Although following the AAOMS recommendations decreases the risk of BRONJ, its occurrence is still a possibility. If this happens, there are many possible treatments: medical treatment, minimally invasive surgery, medical treatment + minimally invasive surgery, medical treatment + minimally invasive surgery + major surgery, laser light therapy, growth factors (PRGF or bone morphogenetic protein–2), ozone treatment, hyperbaric oxygen therapy, teriparatide, and major surgery. However, there is no clear scientific evidence establishing which treatment to use depending on the size of the lesion, location, type of bisphosphonate (oral or intravenous), other associated pathologies, or periodontitis.25–27
In the clinical case presented herein, the complication was solved with a combination of treatments: medical treatment, surgical resection, and the use of PRGF. Medical treatment was carried out by antibiotic and chlorhexidine therapy. We considered the short-term use of chlorhexidine necessary in this study for its antiseptic effects, despite the fact that previous studies demonstrated that it has an inhibitory effect on the proliferation and migration of fibroblasts and osteoblasts.28 Another possible intervention is surgical resection of the necrotic bone with primary closure, which has been used in several studies with promising results.15,16 However, there are no randomized clinical trials comparing all of the different techniques.

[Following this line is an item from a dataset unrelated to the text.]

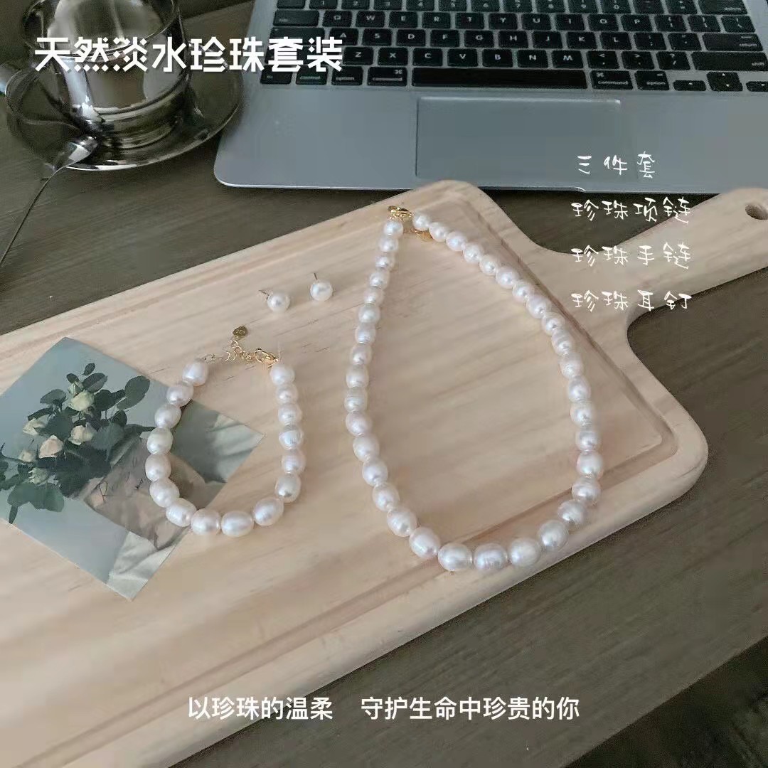 三八妇女节天然淡水珍珠套装母亲节礼物珍珠三件套项链手链耳钉

The action potential of oral bisphosphonates on the maxilla may be much more aggressive than previously thought, given the clinical case described herein in which osteonecrosis developed in the jaw after the placement of dental implants following the use of oral bisphosphonates (alendronic acid) for 20 months and suspension of the drugs for 5 months prior to implant treatment. On the other hand, necrotic bone resection therapy, which maintained the perilesional soft tissue without raising a flap and was associated with autologous growth factors and antibiotic medical treatment and topical antiseptic (chlorhexidine), led to good results in our case. Randomized clinical trials are needed to establish a clear protocol of action to prevent and treat this type of complication of oral or implant surgery.
We would like to thank John Lindberg, DMD candidate, University of Pennsylvania, for assistance in proofreading the manuscript.